■ **What to work on**
As the answer, give exactly the lines of the records below from the one with "最是书香能致远,腹有诗书气自" through the one with "Primero se utilizó", ends included and pictures left out.

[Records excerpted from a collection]
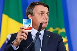 Os medicamentos, como a cloroquina, foram amplamente distribuídos e apoiados pelo governo federal.[29] O Exército Brasileiro, sob a orientação do Ministério da Saúde, produziu mais de 3,2 milhões de comprimidos de cloroquina em 2020[166] e distribuiu 2,9 milhões desses comprimidos para estados, municípios e hospitais militares.[167] Essa distribuição representou um aumento significativo em relação aos anos anteriores, chegando a ser 11 vezes maior.[168] Em fevereiro de 2021, o ministro do Tribunal de Contas da União (TCU), Benjamin Zymler, autorizou um ofício que exigia explicações sobre a distribuição de cloroquina por parte desses órgãos federais.[169][170][171]
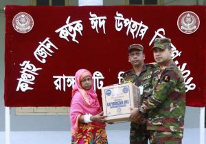 কাপ্তাই প্রতিনিধি: রাংগামাটি রিজিয়নের কাপ্তাই জোন(অটল ছাপ্পান্ন) আয়োজনে কাপ্তাই জোন সদরে পবিত্র ঈদ উল আযহা উপলক্ষে স্থানীয় গরীব এতিম অসহায়ের মধ্যে ঈদ উপহার সামগ্রী বিতরন করা হয়। কাপ্তাই জোনের ভারপ্রাপ্ত জোন কমান্ডার মেজর ফয়েজ আহমদ, পিএসসি ঈদ উপহার সামগ্রী বিতরন করে। ঈদ উপহার সামগ্রী হিসেবে গরিব অসহায় পরিবারের মধ্যে চাল, ডাল, চিনি, আটা, তৈল, লবন ও চা পাতা বিতরন করা হয়। ঈদ উপহার সামগ্রী বিতরনের সময় কাপ্তাই জোনের ভারপ্রাপ্ত জোন কমান্ডার স্থানীয় গরীব, এতিম অসহায়দের সাথে কুশল বিনিময় করেন এবং অগ্রীম ঈদের শুভেচ্ছা জানান।
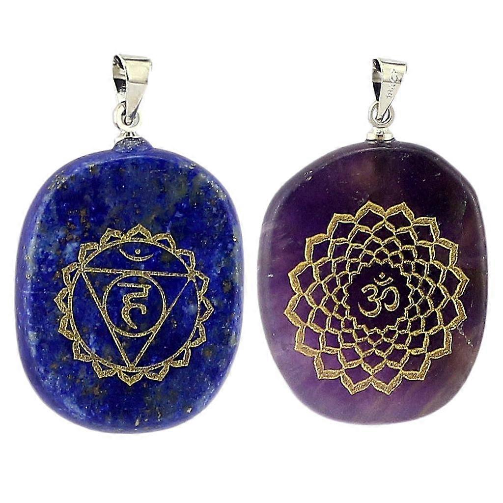 2 Pieces Engraved Reiki Crystal Pendants Natural Stone for Kids Friends Gift
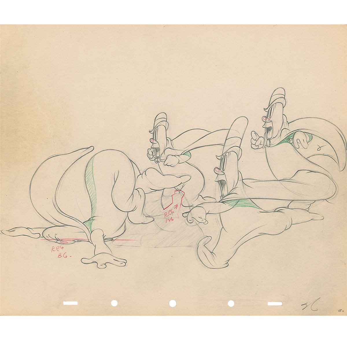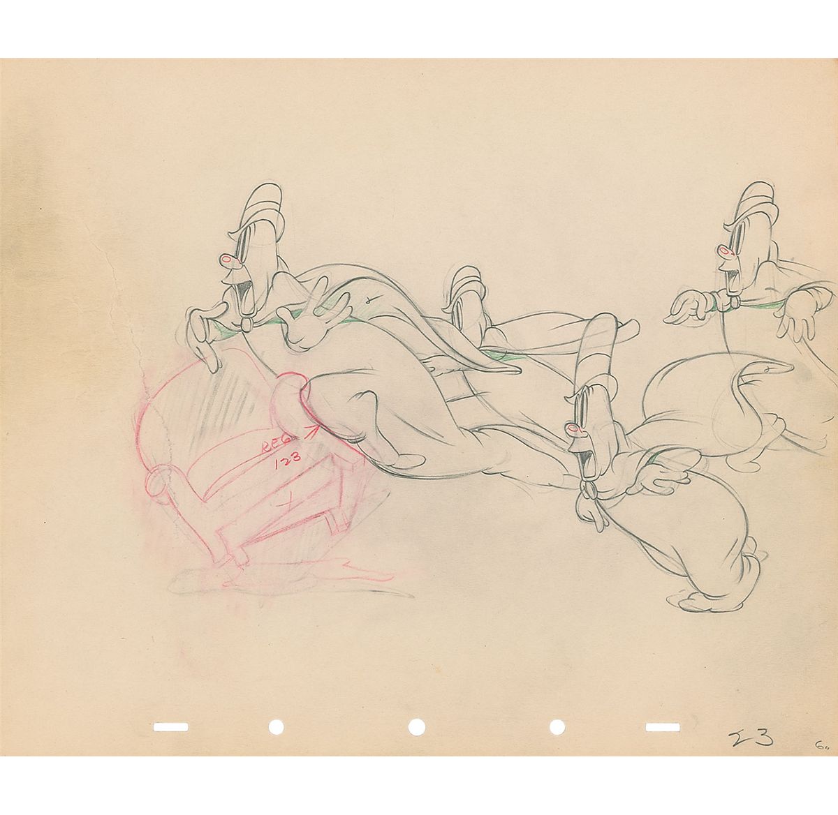 (Walt Disney Studios, 1937) Original set of two production drawings in sequence featuring the four ghosts from Lonesome Ghosts, depicting them sprinting through the air at one moment before hilariously tripping over an armchair and crashing onto the ground. Accomplished in graphite on two sheets of untrimmed 12 x 10 animation paper. Overall image sizes range from 10 x 6.5 to 12 x 6.5. In overall fine condition, with creases to the left side. A fantastic example of movement in animation and a great slapstick gag.
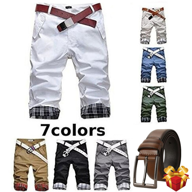 ★ベルトプレゼント ★ショートパンツカーゴパンツ チノパンチェック柄 半ズボンメンズ ボトムス 父の日 カジュアル 涼しい 夏 少しストレッチ 7分丈
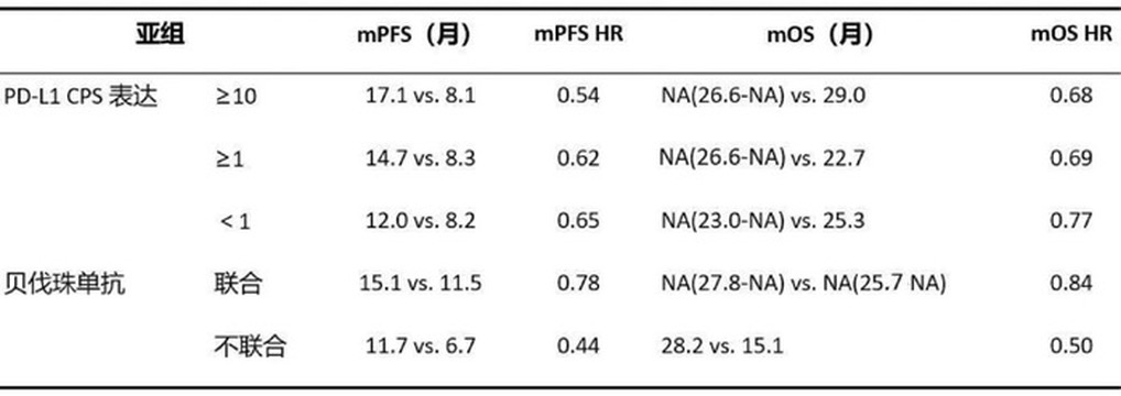 针对PD-L1 CPS<1的阴性人群,PFS和OS的HR分别为0.65和0.77,成功为该类传统免疫治疗获益不明的人群点亮了希望。
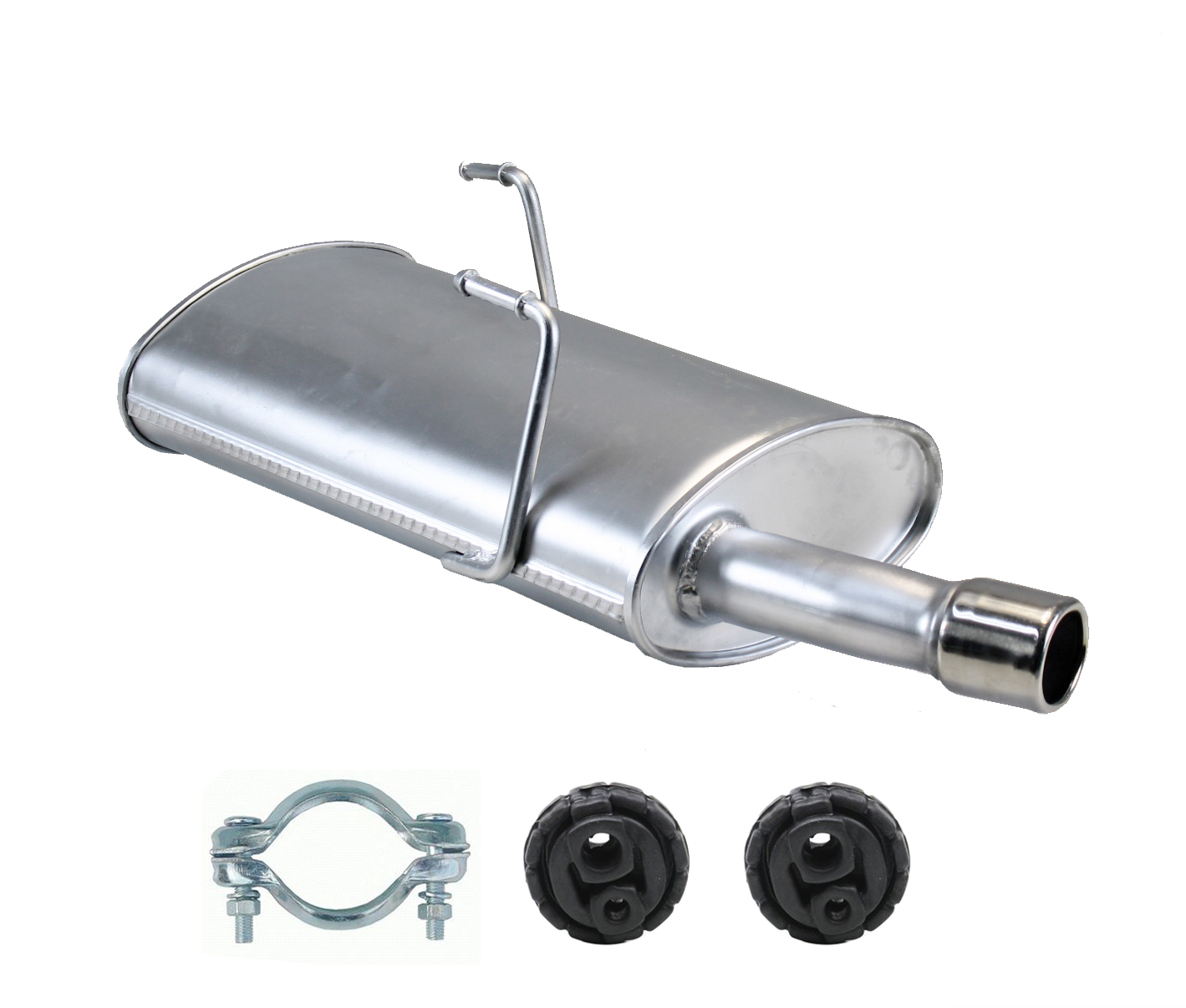 * Tłumiki posiadają system wygłuszający na bazie włókna szklanego dzięki temu nie zmienia się głośność układu wydechowego. * Produkt nie wymaga spawania !
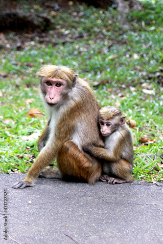 © Sophie, Fototapeta premium monkey mother and baby sri lanka
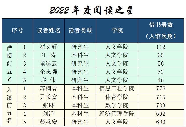 最是书香能致远,腹有诗书气自华。近日,在best365足球官网2022年世界读书日系列活动之年度“阅读之星”评选活动中,根据图书馆2022全年图书借阅和入馆次数排行,人文学院翟文辉等5名研究生和人文学院江涛等5名本科生获评为 “阅读之星”。
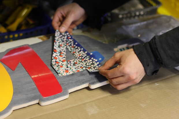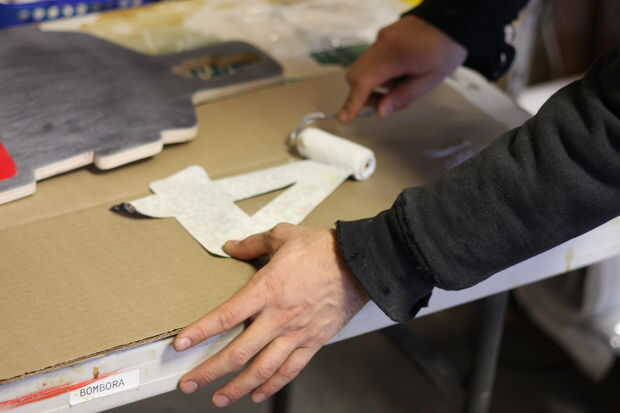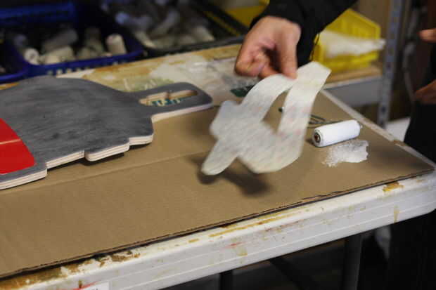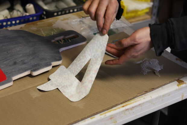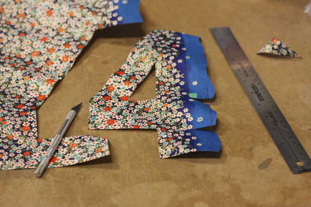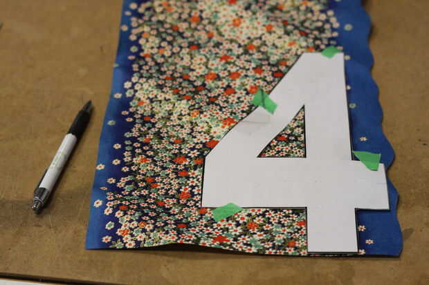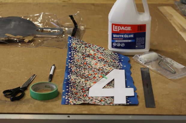 Primero se utilizó nuestra plantilla para trazar y cortar el número '4' del papel. Una vez que el papel fue cortado a la forma, se aplicó una fina capa de cola blanca multiuso en la parte posterior del papel.
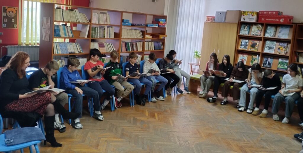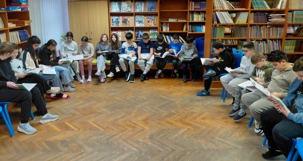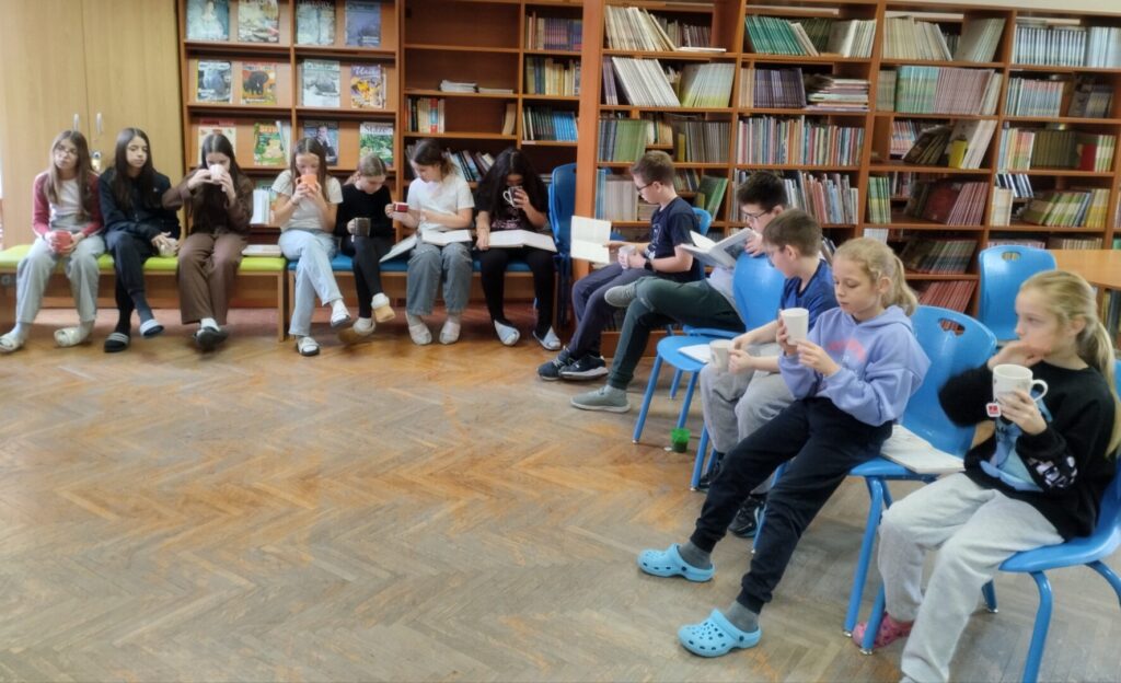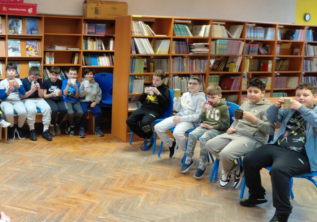 U našoj smo knjižnici čitali naglas ulomke iz knjiga za lektiru u 4.a i 4.b razredu: Šumu Striborovu i Kako smo usvojili baku i djeda. Čitale su knjižničarka, učiteljice i učenici, a zatim smo tumačili nepoznate riječi i objašnjavali tijek radnje. Ovi sati ujedno su i motivacija za nastavak čitanja. Priredili smo i čajanku te su se svi ugrijali toplim čajem.
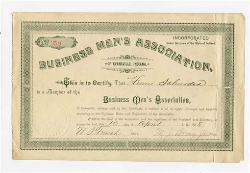 A single page numbered certificate. Business Men's Association of Evansville Indiana Member Certificate, dated April 10, 1888. Measures about 9 1/2" x 6 1/8" and the back is blank. Has an embossed seal.
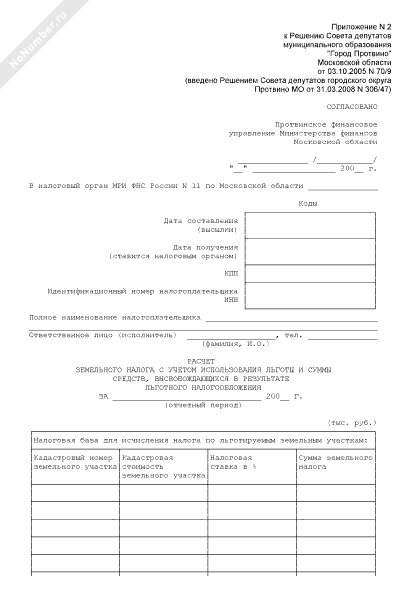 - 296Расчет земельного налога с учетом использования льготы и суммы средств, высвобождающихся в результате льготного налогообложения в г. Протвино Московской области
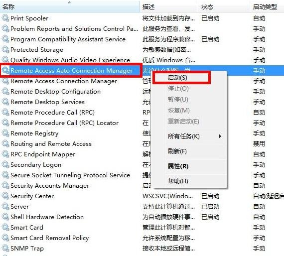 第八步 找到服务“Remote Access Auto Connection ManagerRemote ”,如果未开启,单击右键,选择“启动”;
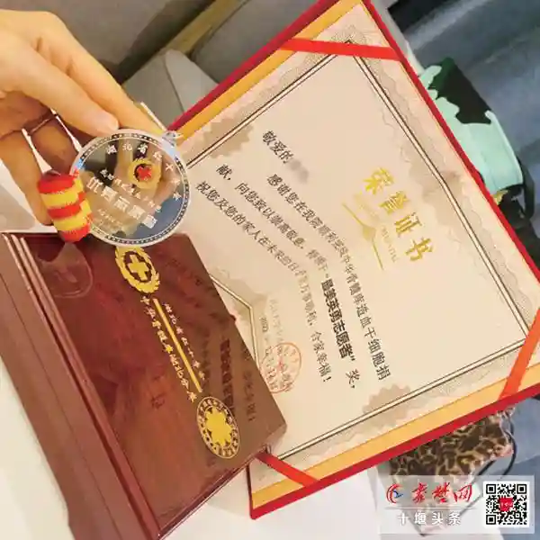 捐献完成后,湖北省红十字会送上“优秀志愿者”纪念章。
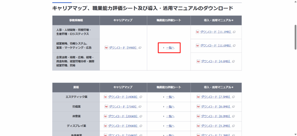 STEP1:厚労省の職業能力評価シートをダウンロード
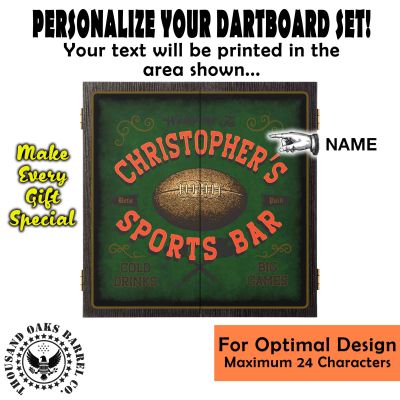 Personalized dartboard and cabinet set! This personalized cabinet will complete the look of any game room with a classic matte black traditional finish with a personalized graphic. Don't leave your wall unprotected from errant throws! The cabinet has a coated finish meant to absorb the toughest of impacts. The sharp, sleek design will complement most decors and will ensure that your dartboard doesn't clash with your style.
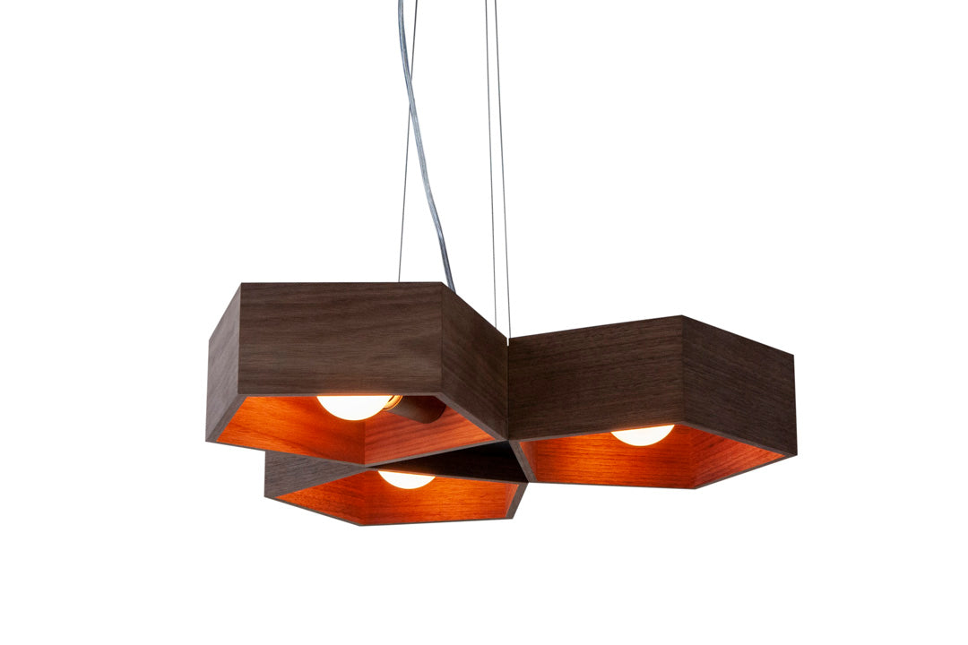 ウォールナット無垢材を贅沢に使用し、五角形を3個組み合わせたペンダントライト。真鍮のソケットカバーとの相性も良く、見る角度によって違った印象を与えます。リビング、ダイニングにおすすめです。

■ **Task answer**
 最是书香能致远,腹有诗书气自华。近日,在best365足球官网2022年世界读书日系列活动之年度“阅读之星”评选活动中,根据图书馆2022全年图书借阅和入馆次数排行,人文学院翟文辉等5名研究生和人文学院江涛等5名本科生获评为 “阅读之星”。
 Primero se utilizó nuestra plantilla para trazar y cortar el número '4' del papel. Una vez que el papel fue cortado a la forma, se aplicó una fina capa de cola blanca multiuso en la parte posterior del papel.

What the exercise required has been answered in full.